Bringing up children must be like education, and based on similar principles, namely “upon the free growth and development of the innate forces and tendencies of the child. In this way alone can we hope for the free individual and eventually also for a free community, which shall make interference and coercion of human growth impossible.” [Goldman, Op. Cit., p. 115] Indeed, child rearing and education cannot be separated as life itself is an education and so must share the same principles and viewed as a process of “development and exploration, rather than as one of repressing a child’s instincts and inculcating obedience and discipline.” [Martha A. Ackelsberg, Free Women of Spain, p. 132]

Moreover, the role of parental example is very important to raising free children. Children often learn by mimicking their parents — children do what their parents do, not as they say. If their mother and father lie to each other, scream, fight and so on, then the child will probably do so as well. Children’s behaviour does not come out thin air, they are a product of the environment they are brought up in (partly by, initially at least, copying the parent). Children can only be encouraged by example, not by threats and commands. How parents act can be an obstacle to the development of a free child. Parents must, therefore, be aware that they must do more than just say the right things, but also act as anarchists in order to produce free children.

The sad fact is that most modern people have lost the ability to raise free children, and regaining this ability will be a long process of trial and error and parent education in which it is to be hoped that each succeeding generation will learn from the failures and successes of their predecessors, and so improve. In the best-case scenario, over the course of a few generations the number of progressive parents will continue to grow and raise ever freer children, who in turn will become even more progressive parents themselves, thus gradually changing mass psychology in a libertarian direction. Such changes can come about very fast, as can be seen from various communes all over the world and especially in the Israel-Palestine kibbutz where society is organised according to libertarian principles, and children are mainly growing in their collective homes. As Reich puts it:

“We have learned that instead of a jump into the realm of the Children of the Future, we can hope for no more than a steady advance, in which the healthy new overlaps the sick old structure, with the new slowly outgrowing the old.” [Children of the Future, pp. 38–39]

By means of freedom-based child rearing and education, along with other methods of consciousness raising, as well as encouraging resistance to the existing social order anarchists hope to prepare the psychological foundation for a social paradigm shift, from authoritarian to libertarian institutions and values. And indeed, a gradual cultural evolution toward increasing freedom does seem to exist. For example, as A.S. Neill writes in Summerhill, “There is a slow trend to freedom, sexual and otherwise. In my boyhood, a woman went bathing wearing stockings and a long dress. Today, women show legs and bodies. Children are getting more freedom with every generation. Today, only a few lunatics put cayenne pepper on a baby’s thumb to stop sucking.
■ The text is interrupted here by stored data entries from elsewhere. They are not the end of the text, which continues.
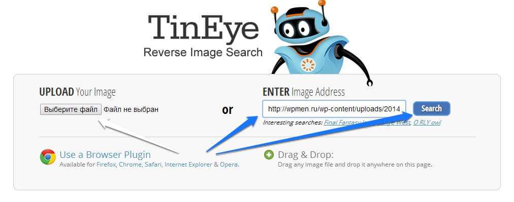 - TinEye – чтобы использовать этот инструмент, вам нужно добавить ссылку на изображение в строку поиска, чтобы найти веб-сайты и магазины, предоставляющие тот же продукт. С момента создания на платформе был произведен поиск более 19 миллиардов изображений, что делает его отличным ресурсом для обратного поиска изображений.
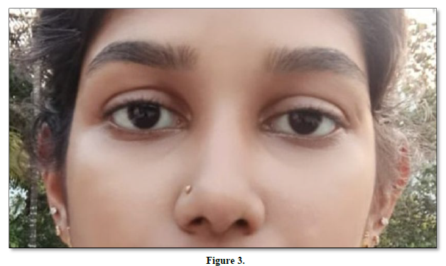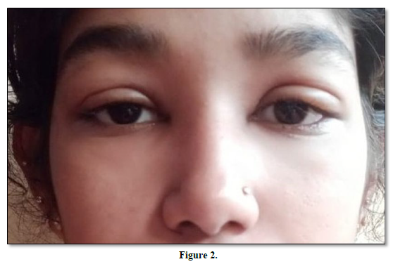 The patient was managed with intravenous corticosteroids and supportive measures, including topical eye drops. Her symptoms gradually improved, with resolution of fever and periorbital swelling (Figures 2 & 3). She was discharged in a stable condition with outpatient follow-up.
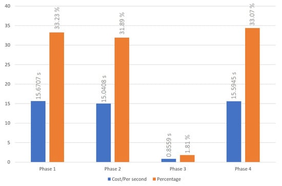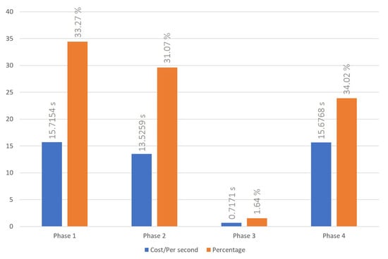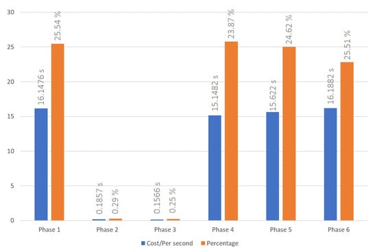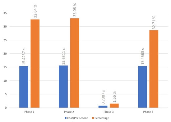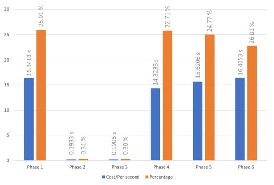 The cross-chain interoperation process was conducted following the procedures outlined in Section 3.1. The time cost to successfully complete a transaction has been recorded for three, six, and nine node settings, and are shown in Figure 4, Figure 5 and Figure 6, respectively. The average times of the cross-chain interoperability process for different numbers of nodes were presented in Figure 7. The experimental results show that cross-chain interoperation process in our scheme requires 63.4484 s, on average of 10 times. In the process of cross-chain interoperation, transaction nodes make reputation evaluate whenever a transaction passes through themselves, and this reputation is based on the past transaction results and behaviors of nodes. Through phases 2 and 3, we found that when nodes assess each indicator reputation value of other nodes and chains, the average time consumed is much less than other phases. Notably, the evaluation is carried out only by the information receiving node towards the information transmitting node. Consequently, the quantity of nodes does not significantly affect the system, maintaining its efficiency irrespective of the node count.
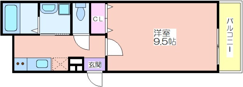 | 共益費:3,900円 | 専有面積:30.07㎡ 間取り詳細:洋室 9.5帖 |
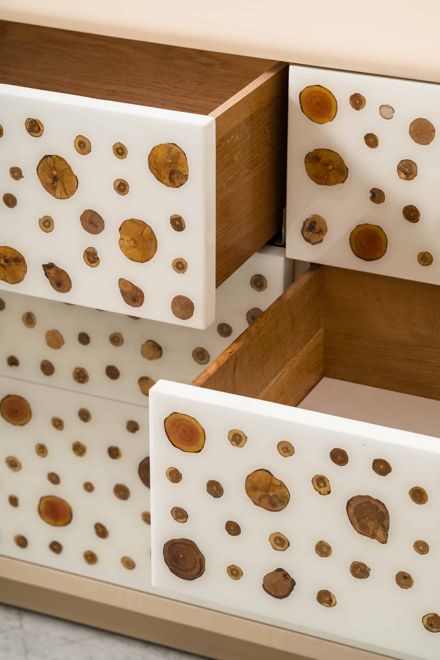 Each surface reveals a lyrical interplay between materials like warm wood grains suspended in luminous resin that create a piece that feels simultaneously modern and deeply tactile.
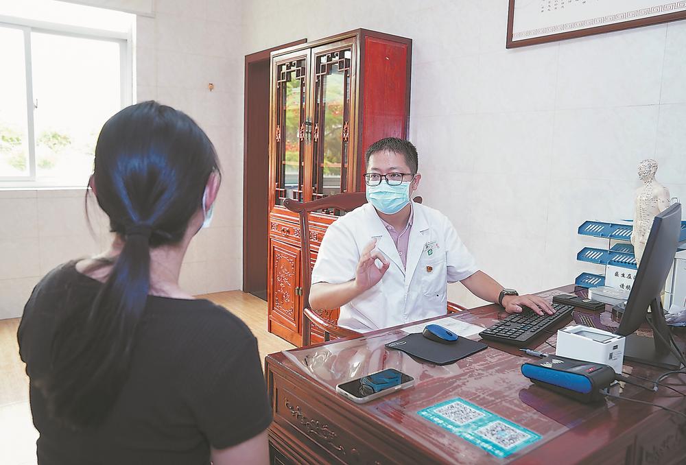 石塘社区卫生服务中心主治中医师李玉正在问诊并通过信息化平台开方。
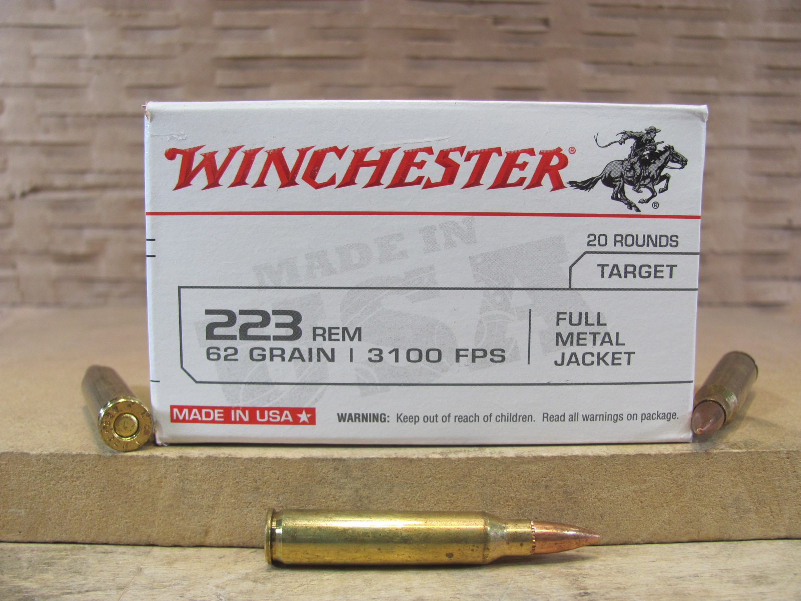 20 Round Box - 223 Rem 62 Grain FMJ Winchester Ammo - W223FMJ62

Today, only a few countries beat their children in school.” [p. 115]

Most anarchists believe that, just as charity begins at home, so does the anarchist revolution. As some anarchists raise their own children in capitalist society and/or are involved in the raising and education of the children of other parents, they can practice in part libertarian principles even before the revolution. Hence we think it is important to discuss libertarian child rearing in some detail.